Butterfly Fold pose

Butterfly Fold (Purna Titli Asana)

The Butterfly Fold is a yoga pose that stretches the entire front of the body.

It increases mobility, digestion and breathing in the chest and abdomen. It is a very good counterpose for those who tend to be stiff in the shoulders or neck region. 

Butterfly Pose is Baddha Konasana in Sanskrit and Bound Angle Pose or Cobbler's Pose. It provides a tremendous stretch for the hips and inner thighs, but you can progress to Folded Butterfly if you want to go even deeper. 
What is a butterfly fold in yoga?

Folded Butterfly Pose stretches the lower back and groin more deeply, releasing tension in the neck and shoulders, engaging the pelvic floor muscles, and calming the mind. It’s a great hip opener, and it may also be beneficial for pregnant ladies or relieve menstrual discomfort.

This pose stimulates the Root and Sacral chakras, making it an excellent addition to yoga sequences that focus on these energy centres.

Level of Difficulty 

Intermediate

Muscles Worked:

  • Hip flexors and groin muscles (the iliopsoas)
  • Abdominal muscles
  • Low back extensors and inner thigh muscles (most of the quadriceps femoris, the adductor Magnus, the adductor longus, pectineus, gracilis, brevis)
  • Inner thigh adductors (pectinius, medial and lateral) 
  • Outer thigh abductors (tensor fasciae latae and gluteus med.

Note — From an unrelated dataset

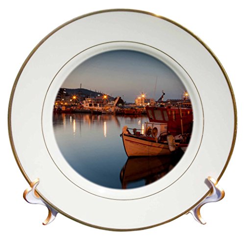3dRose cp_207221_1 Greece Thessaly Pelion Peninsula Volos Fishing Port Dawn Porcelain Plate, 8"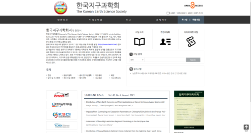 한국지구과학회지(Journal of The Korean Earth Science Society, ISSN 1225-6692 printed edition, ISSN 2287-4518 electronic edition)는 (사)한국지국과학회(KESS)에 의해 출판되며 지질, 대기, 해양, 천문, 지구물리, 지구과학교육 분야 등에서 탁월한 업적과 학문적 역량을 지닌 국내외 연구자들의 수준 높은 논문을 싣기 위해 노력하고 있다. 등재지로서 매년 6회 발행하고 있으며 그 중 1회는 영문 학회지를 발행 (http://www.kess64.net) 함으로써 국내외 우수한 연구자들을 확보하기 위해 최대한의 노력을 기울이고 있다. 본 학술지의 자랑은 한국지구과학회가 지향하는 다학문적, 학제적, 융합적 성격을 갖춤으로써 지구과학 관련 학문의 지속가능발전에 힘쓰고 있으며, 지구과학 분야의 새로운 교육 사조와 보다 최신의 학문들을 소개하는 데에도 노력하고 있다. 또한 지구과학과 직접 관련이 있는 국내외 대학교수, 연구소의 학자, 현장 지구과학교사, 지구과학 전공 대학생뿐만 아니라, 일반인이나 학생들도 손쉽게 접근할 수 있도록 폭넓은 분야에서 저자와 독자층을 확보함은 물론 지구과학과 관련된 과학의 대중화에도 지속적인 노력을 기울여 오고 있다.

How to do the folded butterfly pose:

  • Bring the soles of your feet together in a diamond shape and relax your knees down towards the mat from a seated position.
  • Inhale profoundly and rise. Then, Exhale, fold forward and allow your upper body—arms, neck, and head to relax completely.
  • For 2–5 minutes, stay in Folded Butterfly pose, breathing in and out through your nose.
  • Take a deep breath in and exhale slowly. Then, exhale and slowly rise back up. Bounce with your legs out in front of you.

Tips

  • To make the folding forward process easier, sit on a folded blanket or a pillow.
  • If the sensation in your thighs or groin is too powerful, you can use blocks to support your knees/thighs.
  • If the intensity of this pose is too much for you, try a Reclined Butterfly variant.

Precautions

  • Avoid this pose if you have problems with your knees, hips, or groin.
  • If it is too hard on the knees to sit cross-legged, sit in a chair and fold forward.
  • Be cautious if you have lower back problems.

Benefits

  • The spine, inner thighs, and hamstrings are stretched, which is a great stretch- This stretch helps relieve stress in the body and get rid of tension and even insomnia.
  • Hip mobility is improved – this helps improve functional movement patterns, and athletes can also use this pose for improved performance.
  • Menstrual cramps can be relieved using this supplement- it can help relieve pain and reduce swelling in the lower abdomen caused by changes in the body during menstruation.
  • Kidneys, ovaries, adrenal, and prostate glands are all stimulated – this helps improve these organs and boost the immune system.
  • Improves digestion – it can help relieve constipation, and if you are suffering from IBS, this can help a great deal in relieving the symptoms.
  • Improves flexibility and balance – it can help to improve both physical and mental balance. It also helps to improve your coordination and keeps your mind calm.
  • Relieves stress – if you are suffering from anxiety or stress, this can help to alleviate the symptoms significantly.

Conclusion:

So, come on, those suffering from any of the above conditions, it’s time to look for a solution. You can try out this great folded butterfly pose as a solution for your problems. Just give it a try, and you’ll be happy that you did so.